Она пришла раньше назначенного времени, изучала свой столик, чтобы потом ронять приборы и убедительно разыгрывать неловкое обживание, которое так всех трогает. Залюбовалась было Луной в окне, но от Луны её отвлек шум в зале.
Видимо, Глеб шагнул мимо порожка и по инерции ещё какое-то время громыхал ботинками на грани падения. Когда он все же вернул себе свою нормальную скорость и походку, она подумала, что он ходит как будто по Луне. «Не с лестницы, а с Луны свалился». А следующей мыслью было сожаление о каблуках. Они возвысили её катастрофически. Подъём сапог должен был быть выше его надменно изогнутой брови, а у него брови домиком и смущённая улыбка. Рената привстала, Глеб оглядел её снизу-вверх, как ей показалось, совершенно покоренный такой величественной красотой. Она вяло протянула руку. Он пожал ее крепко и горячо. Она увлекала его приветственным щебетом и отрепетированным обживанием, а он уставился на Луну. «И о чем он думает? Штирлиц тоскует по Родине?» Он думал о том, что оттенок кожи Ренаты можно назвать лунным загаром, только и всего.

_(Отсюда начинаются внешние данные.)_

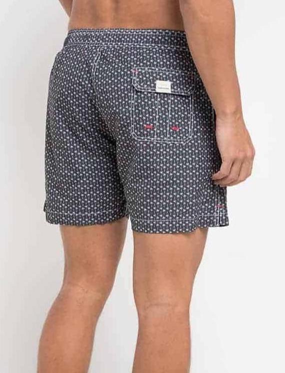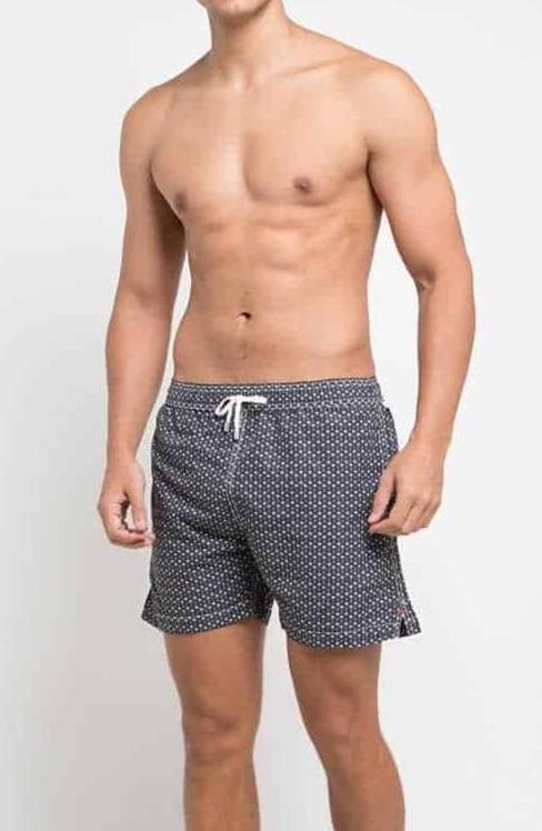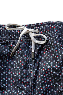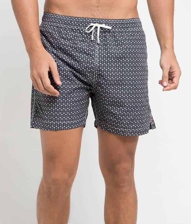 Men's mid-length swim shorts featuring palm trees print on a balck background.
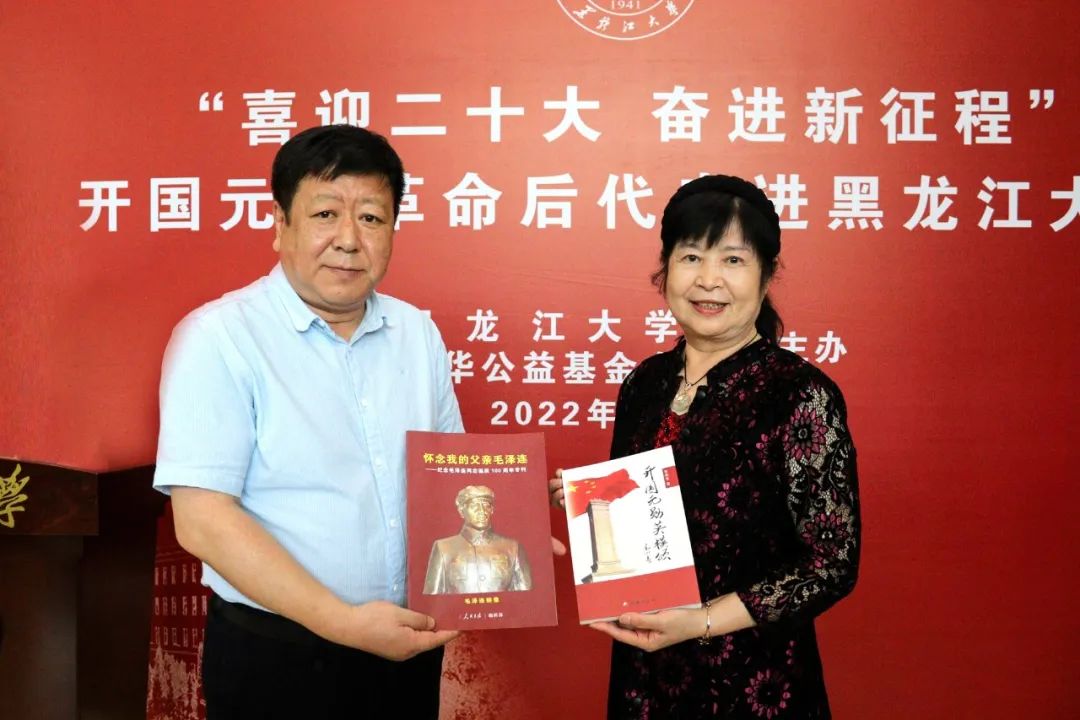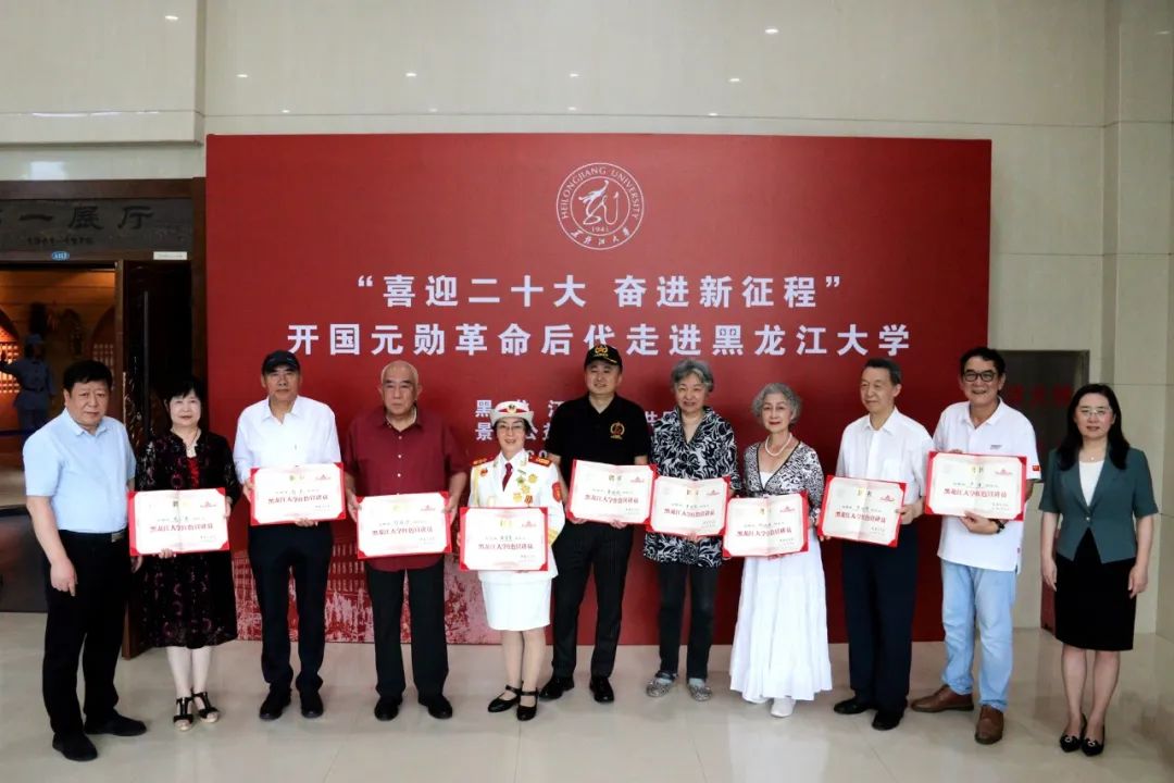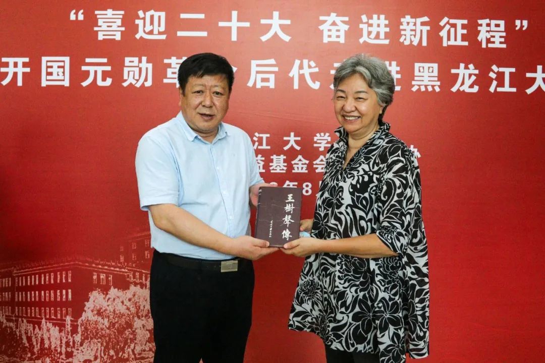 为进一步巩固党史学习教育成果,让红色基因代代相传,8月10日下午,毛泽东侄女、中国关心下一代红伟爱国主义教育基地执行主任毛小青,朱德外孙刘武,王树声之女王宇红,刘亚楼之子、四野后代联谊会会长刘煜滨,东北抗联、东北野战军后代,景华公益基金会会长张景华等开国元勋革命后代走进黑龙江大学。校党委书记王永清、党委副书记丁宏,以及学校办公室、党委宣传部负责人陪同调研。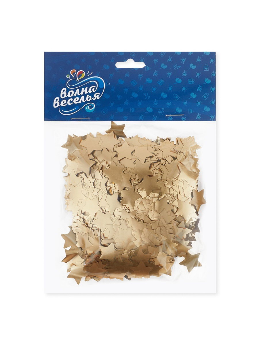 Конфетти "Звезда", золото, хром, 1.5 см, 50 г, Волна Веселья, Китай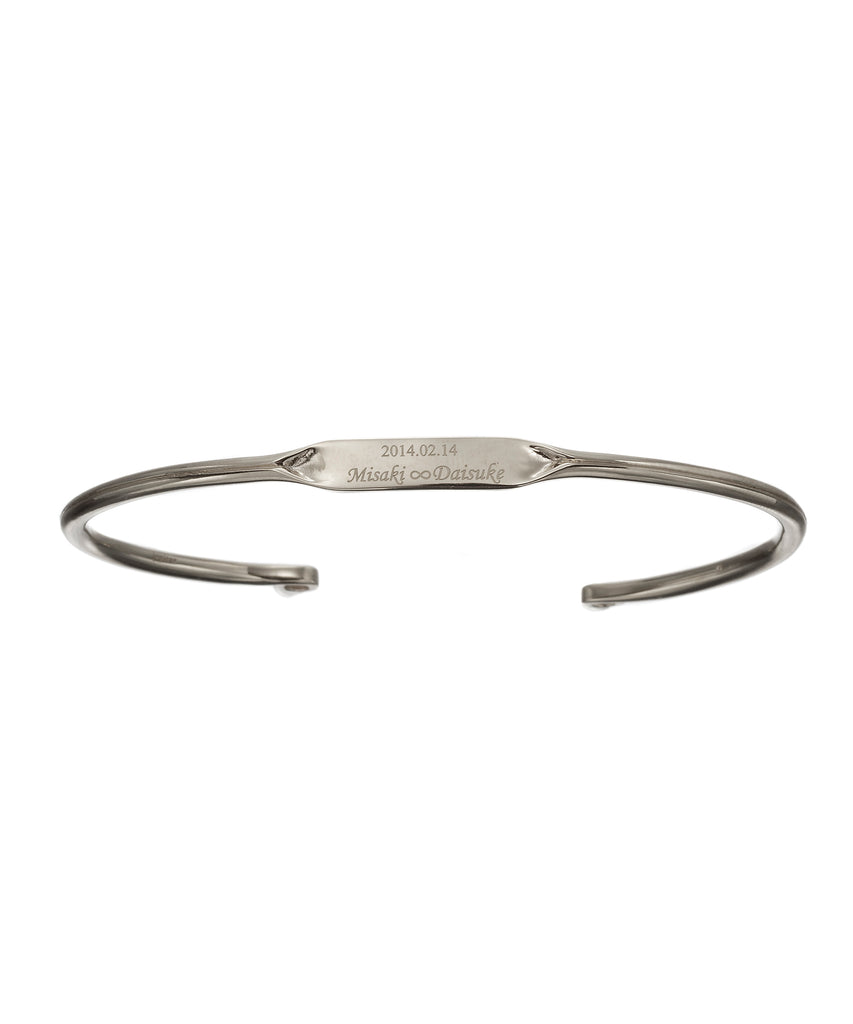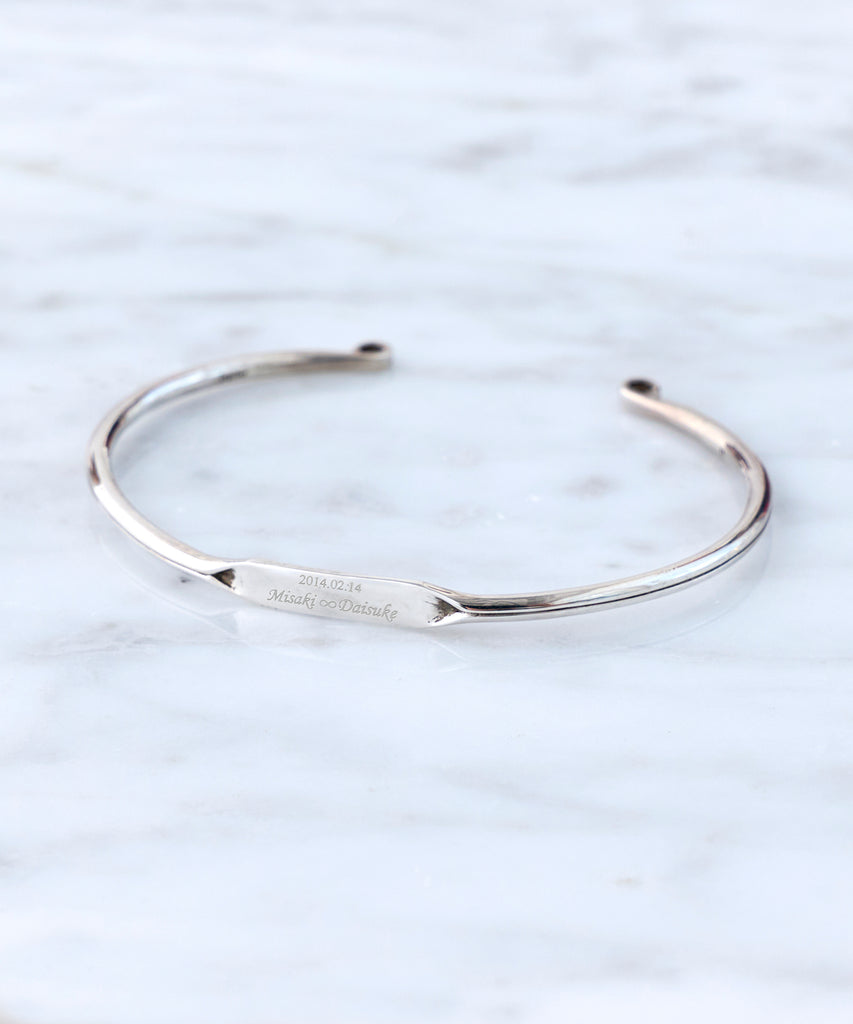 出産後にお子様とママの腕に着けられるIDタグをイメージし、2人を繋ぐ愛のリボンとしてデザインしたカフタイプのバングルです。プレートの部分には、人生の記念日や大切な人の名前など記録しておきたい文字を刻印していただけます。プレート部分の両サイドはリボンを折りたたんだようなデザインですっきりと仕上げました。ママが出産記念にお子様の名前を刻印して身に着け、記念日にそれを贈ることで受け継ぐジュエリーとしたり、カップルで着けていただくこともできます。お揃いでリング&ベビーリングの展開がございます。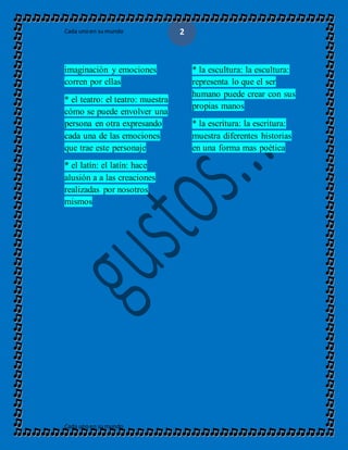 El documento habla sobre diferentes formas de arte como la música, la pintura, el grafiti, la danza, el dibujo, el teatro, la escultura y la escritura. Explica que el arte es una forma de expresar los sentimientos, pensamientos e inspiraciones de una persona. También critica el toreo por considerarlo un acto inhumano y vil que tortura y mata a los toros de forma salvaje e innecesaria.

Когда они снова встретились взглядами, она заметила, что цвет его глаз в точности такой, как цвет камня в её кольце. Голубые турмалины, надо же. Её удивительно расположило к нему это открытие, как вдруг глаза его превратились в крючки, в ножницы, проткнули, зацепили ее холодно и больно тяжелым неуютным взглядом. Как будто другой человек только что улыбался и выглядел таким милым, другие глаза искрились детской добротой, а от этой ледяной всезнающей усталости хотелось спрятаться.
Продолжать изображать непринуждённость в беседе уже не получалось.
— Давайте всё-таки к сути. Понимаете, я всегда очень…
Как только Рената сказала о сути, он перестал быть с ней, как будто скрылся в тумане.
«Господи, он что, пьяный? Только что же был трезвый? Он слышит вообще…Господи, с кем я связалась…»
— Так вот. У меня много друзей, приятелей, знакомых. Земфира общается только со мной. Я могу разделить все ее горести и радости, но все-таки… Мне кажется, у человека должно быть иногда какое-то общение помимо... Не по делам, тем более моим, а просто с кем-то. Такая, знаете, ситуативная близость. Как бывает в поезде, например.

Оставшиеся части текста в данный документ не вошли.